The current mess the NRA is in alarms me. I've been following it at a bit of a distance, and it appears to be a multi-level failure, based on the mistaken belief that the organization was an endless "cash cow."
NRA is often accused by opponents of "leveraging fear" in fundraising, as if that was somehow wrong; donations to the Electronic Frontier Foundation go up when online freedoms appear most under attack; the American Civil Liberties Union is quick to issue press releases on abuses of Constitutionally-protected rights and lo, this affects their take. Surprise, people donate when causes they support are under threat.

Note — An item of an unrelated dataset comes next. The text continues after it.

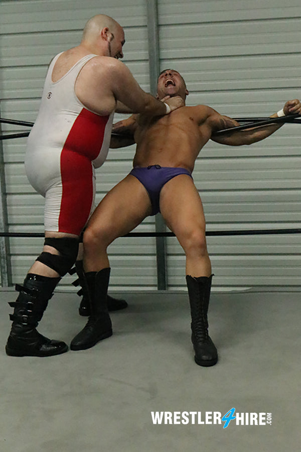 Donnie ties Braden in the ropes for some “ring positioning” lessons. The onslaught Braden suffers is unbelievable, both physical and verbal. Donnie has no intention of going easy on Braden and leaves him tied in the ropes for the remainder of the match, suffering in one humiliating hold after another, until eventually being sleepered and left hanging in the ropes. Donnie may not have the physique of Braden (which of us does?), but he is clearly the superior wrestler. The humiliation Braden suffers makes us worry that he’ll quit wrestling here at W4H. Until that decision is made, we are going to rename Donnie Dukes to The Triple D. It can stand for Dirty Donnie Dukes or Diabolical Donnie Dukes. Any thoughts on that?

Get a Republican in the White House, especially if there's a GOP majority in the House and/or Senate, and NRA donations dwindle.
After eight years of President Obama's support of antigunners, however hollow, NRA executives and their deeply-entwined ad agency were fat, happy and overly complacent. The fight was on! Until late 2016, when suddenly it wasn't.

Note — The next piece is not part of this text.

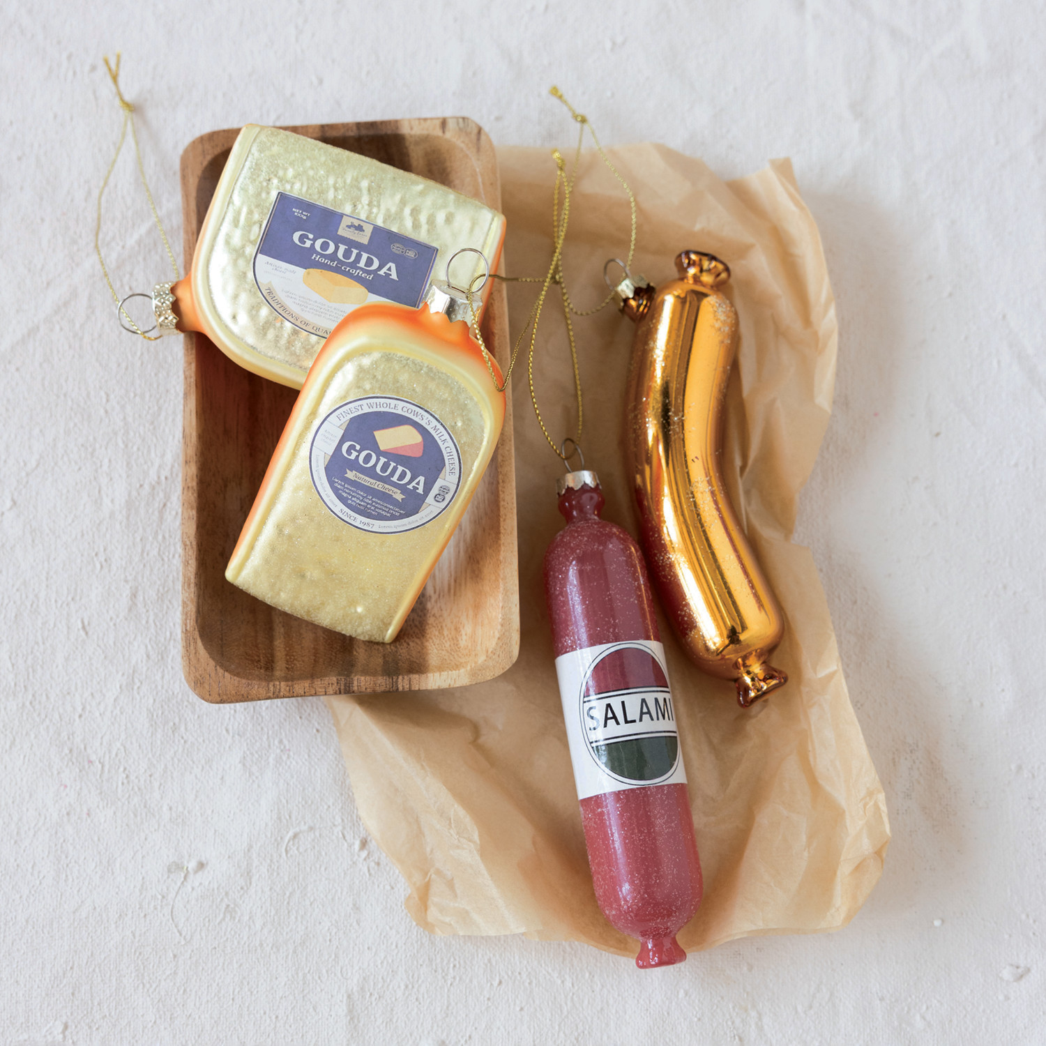 Hand-Painted Glass Cheese/Salami Ornament, 4 Styles

It is clear the rot had been building for awhile. Now the pool of dollars was shrinking and however you care to characterize the tussle between Wayne LaPierre, Oliver North, ad agency Ackerman-McQueen (to which PR had been hugely and expensively outsourced) and various factions of the Board of Directors, one thing stands out: they're fighting over money.
Gun rights ain't in it.
Ack-Mac never gave a flip about the Second Amendment, and why should they? They're an advertising agency; caring about anything but the bottom line is a huge drawback in that line of work and the way you keep an ad agency toeing the mark is to ensure that getting your message across is crucial to their income. Instead, Ack-Mac was given a great deal of freedom to determine what the message should be, and the end result was more than a little inward-looking and self-serving. And out of touch with a lot of the membership.
NRA's executives, meanwhile, isolated from much of the hurly-burly of messaging and outreach, appear to have relied on what Ack-Mac was telling them, and on having a compliant, bloated Board of Directors that could be counted on to rubber-stamp whatever the leadership wanted.

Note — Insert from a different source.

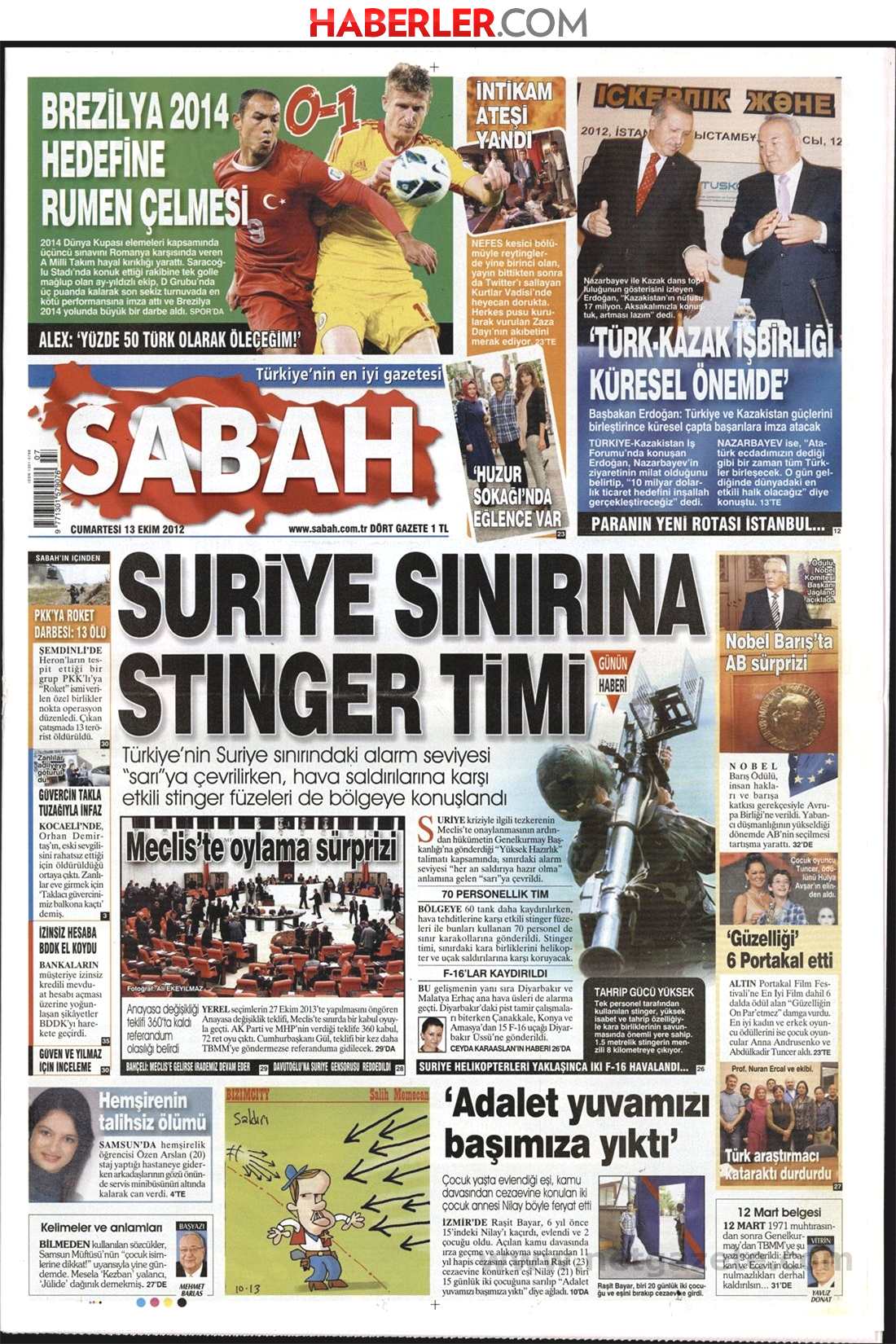 «Ομάδα Stinger στα σύνορα» είναι ο τίτλος της Sabah. H τουρκική εφημερίδα αναφέρει πως στα σύνορα με τη Συρία οι στρατιωτικές μονάδες έχουν τεθεί σε κίτρινο συναγερμό και έχουν εγκατασταθεί μονάδες Stinger «που είναι αποτελεσματικά όπλα στην αντιμετώπιση αεροπορικών επιδρομών».

Nobody, save a few members of the Board, was listening to the membership.
When the money started to get tighter, pretty much everyone reacted to save their jobs and didn't look to survival of the organization as a whole.
Until Chris Cox got the axe, I was mainly just watching. Watching in no little alarm, but figuring NRA would weather the storm and emerge, leaner, meaner and with a renewed sense of mission. I'm starting to doubt that. Wayne LaPierre's got the survival instinct of a cockroach -- and is just as much of a team player. Whoever he's got to push overboard to stay in power, he will. Board members who have spoken out publicly are finding themselves kicked off of committees -- pardon me, not invited to continue serving.
Is it going to continue to be the National Rifle Association, or is it just hanging around to keep a few people living in the style to which they'd like to remain accustomed?
2020 is coming. Bloomberg's pockets are deep. There's a even chance we're going to have a Democrat President in the next go-round, and the odds aren't much worse that he or she will have a (slim) Congressional majority as well. If the NRA isn't focused in their core mission by then, it's going to mean a lot more than an executive or three losing their phony-baloney jobs.
NRA's going off the rails and I don't know know how to fix it. The people who can do the most, soonest, are in Fairfax, Virginia. It's time they got to it.